Hablamos más de la información que del conocimiento, pero este resulta cardinal en la actividad empresarial y exige una traducción idónea de aquella. En efecto, el paso de aquella a este ha de darse con cuidado, en beneficio de la solidez de nuestro saber; saber, que viene a constituir capacidad para actuar.
Reducidos se hallan los ecos de aquel buzzword, la denominada gestión del conocimiento que sonaba en los años noventa en torno a la inteligencia de las organizaciones. Por entonces se consolidaba la sociedad de la información, afloraba la era del conocimiento y el saber parecía constituir un valor en alza. Llevábamos toda la vida hablando de materias primas tangibles, pero ya veníamos viendo que casi todo a nuestro alrededor estaba hecho de conocimiento; que automóviles, electrodomésticos y aun edificios eran productos inteligentes.

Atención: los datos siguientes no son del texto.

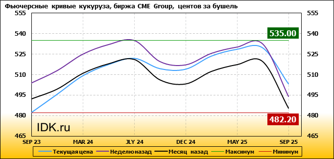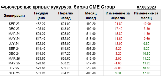 На 07.08.2023 стоимость кукурузы на бирже CME Group по контракту SEP 23 составила 482.2 цента за бушель. За прошедшую неделю стоимость кукурузы на площадке CME Group упала на 21.8 цента/бушель. Как мы видим на графике, фьючерсная кривая имеет периоды, когда более дальний фьючерс дешевле ближнего. Состояние бэквардации наблюдаем на следующих контрактах: SEP 24; DEC 24; SEP 25. Таким образом, трейдеры предполагают, что возможно превалирование предложения над спросом в указанные периоды.
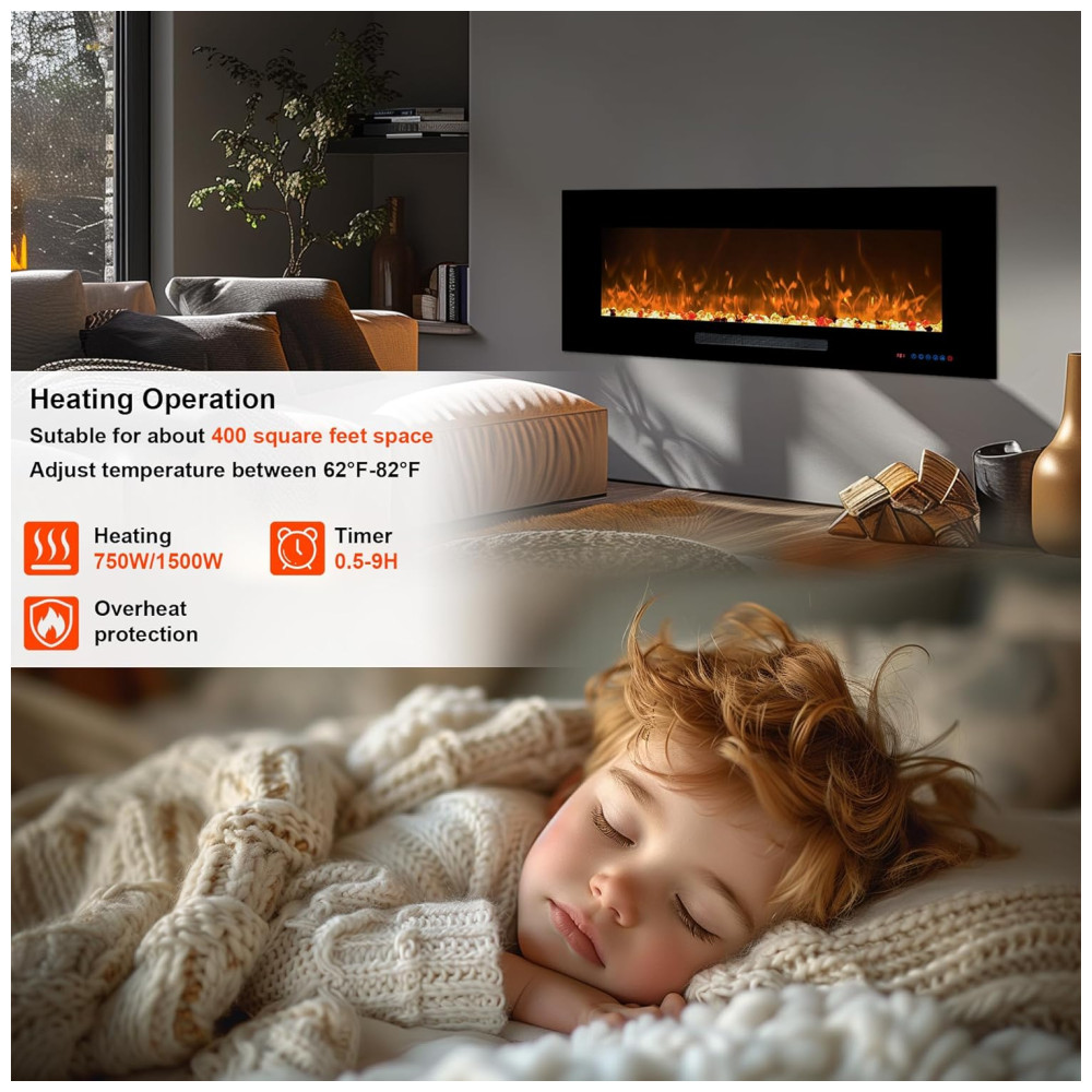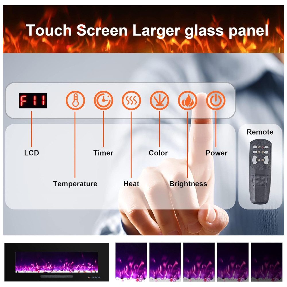 Funções Práticas e Operação Fácil: Esta lareira elétrica montada na parede possui dois níveis de potência e um termostato com faixa de 22°C a 37°C, além de temporizador de 1 a 9 horas. Exceto pela saída de calor, a superfície da lareira pode ser tocada normalmente. Cada função pode ser operada por tela sensível ao toque e controle remoto.

Todos debíamos darnos al aprendizaje permanente para nutrir nuestro saber, porque la innovación constituía un imperativo y las áreas de conocimiento crecían cada día. En las empresas se debía atesorar este —el individual y el colectivo—, hacerlo fluir y aprovecharlo al máximo en cada tarea, en beneficio de la productividad y la competitividad. Se hablaba con frecuencia entonces de la learning organization, pero los partidarios de la gestión del conocimiento defendían también la idea de knowledge organization, es decir, de organizarse en torno al flujo del saber. El conocimiento parecía constituir, sí, un mantra y con él había que encarar los desafíos de la nueva economía emergente.
Debía distribuirse por la organización para aprovecharlo debidamente y para crear nuevo saber —innovar—, construido sobre el ya existente; una creación impulsada por la investigación, por acertadas conexiones, por idóneas inferencias o abstracciones, por oportunos análisis con perspectiva sistémica, por casualidad, por intuición… Pensar empezaba a ser una tarea o función no tan exclusiva de los directivos, y se distinguía entre pensamiento conceptual, analítico, sintético, conectivo, deductivo, sistémico, estratégico, crítico, exploratorio, lateral.
Se distinguía asimismo entre el know-what, el know-why, el know-how, el know-who, el know-where, el know without knowing how… Desde luego, ya no era el jefe el que más sabía de todo, porque los directivos debían atender a la complejidad de la gestión, al futuro, a la deseada prosperidad en entornos cambiantes y altamente competitivos. El saber traía capacidad de actuar y se extraía de la información que nos rodeaba, sin olvidar el más íntimo conocimiento tácito o intuitivo.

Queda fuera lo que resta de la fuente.